**YOUR INSTRUCTIONS:**
Please restate every line below exactly, without any pictures.

**SUPPLIED DATA:**
--------------------------------

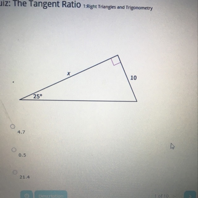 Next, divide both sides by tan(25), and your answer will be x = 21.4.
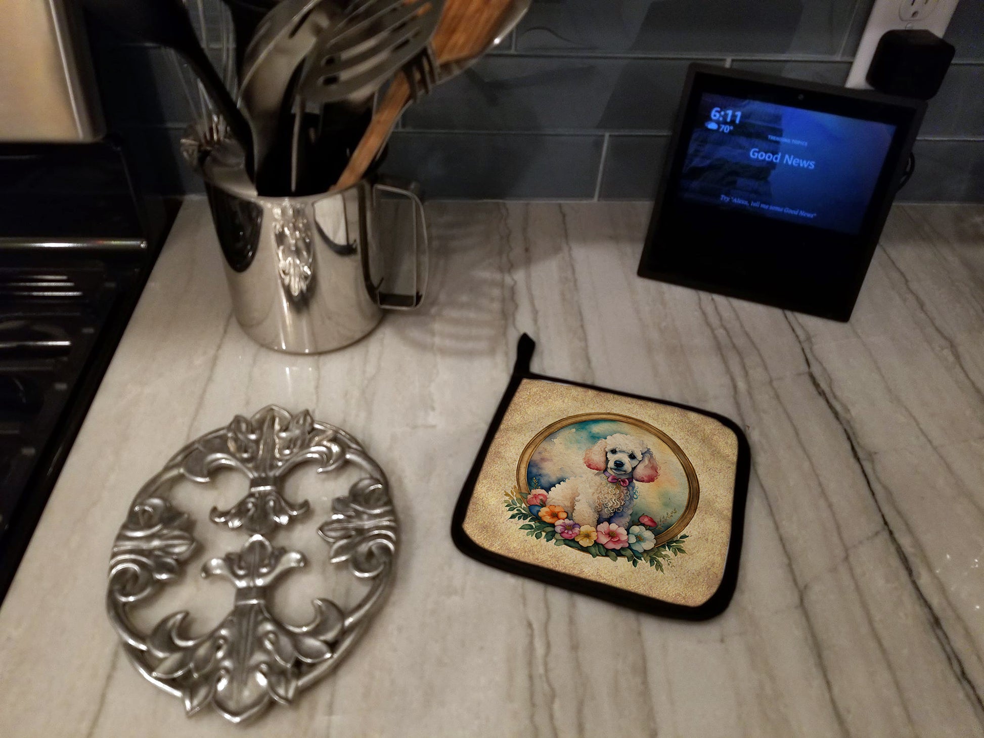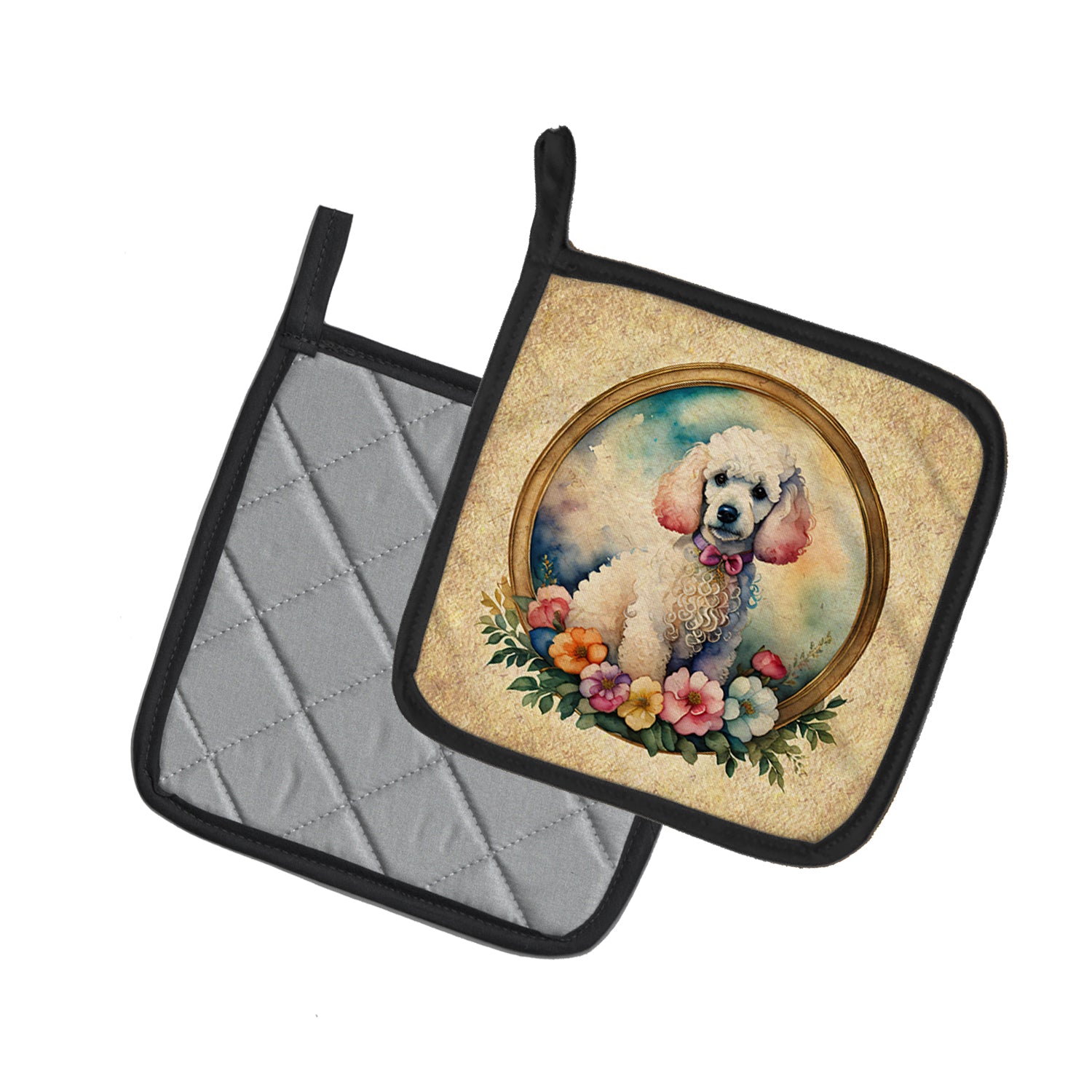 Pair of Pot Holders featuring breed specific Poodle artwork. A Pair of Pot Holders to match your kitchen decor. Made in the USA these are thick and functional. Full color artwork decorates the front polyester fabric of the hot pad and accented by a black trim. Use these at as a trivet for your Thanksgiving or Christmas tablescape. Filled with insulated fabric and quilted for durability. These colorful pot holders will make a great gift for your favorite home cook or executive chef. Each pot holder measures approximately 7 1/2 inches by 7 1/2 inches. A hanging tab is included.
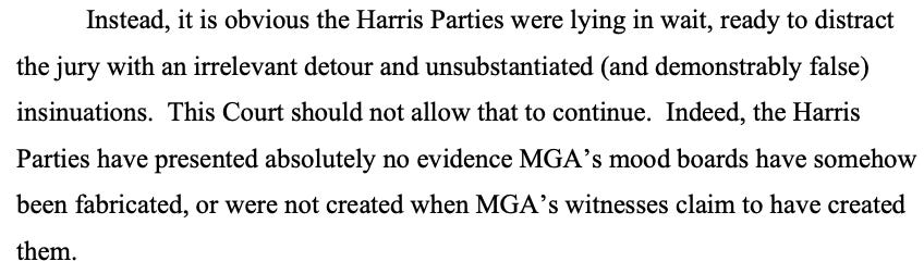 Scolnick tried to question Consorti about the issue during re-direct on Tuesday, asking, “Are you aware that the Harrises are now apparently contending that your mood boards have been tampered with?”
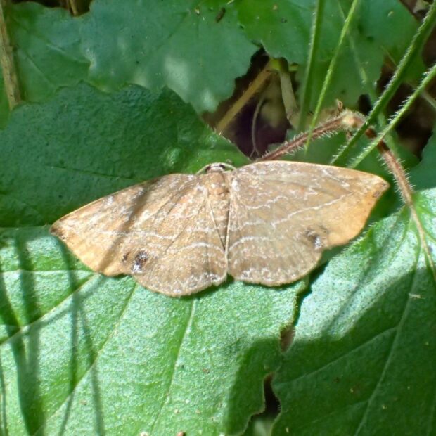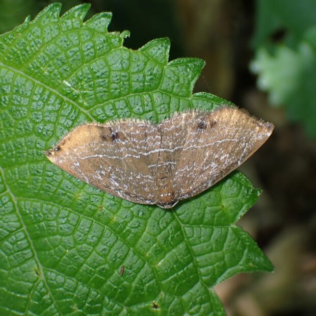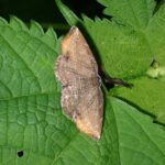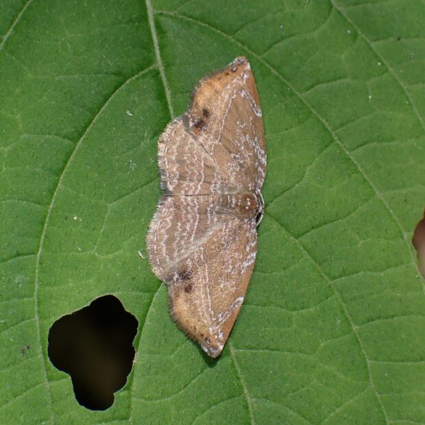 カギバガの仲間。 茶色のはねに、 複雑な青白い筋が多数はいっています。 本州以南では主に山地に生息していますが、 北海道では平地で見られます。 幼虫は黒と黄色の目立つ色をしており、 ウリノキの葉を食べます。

--------------------------------

**REPLY TO THE EXERCISE:**
 Next, divide both sides by tan(25), and your answer will be x = 21.4.
 Pair of Pot Holders featuring breed specific Poodle artwork. A Pair of Pot Holders to match your kitchen decor. Made in the USA these are thick and functional. Full color artwork decorates the front polyester fabric of the hot pad and accented by a black trim. Use these at as a trivet for your Thanksgiving or Christmas tablescape. Filled with insulated fabric and quilted for durability. These colorful pot holders will make a great gift for your favorite home cook or executive chef. Each pot holder measures approximately 7 1/2 inches by 7 1/2 inches. A hanging tab is included.
 Scolnick tried to question Consorti about the issue during re-direct on Tuesday, asking, “Are you aware that the Harrises are now apparently contending that your mood boards have been tampered with?”
 カギバガの仲間。 茶色のはねに、 複雑な青白い筋が多数はいっています。 本州以南では主に山地に生息していますが、 北海道では平地で見られます。 幼虫は黒と黄色の目立つ色をしており、 ウリノキの葉を食べます。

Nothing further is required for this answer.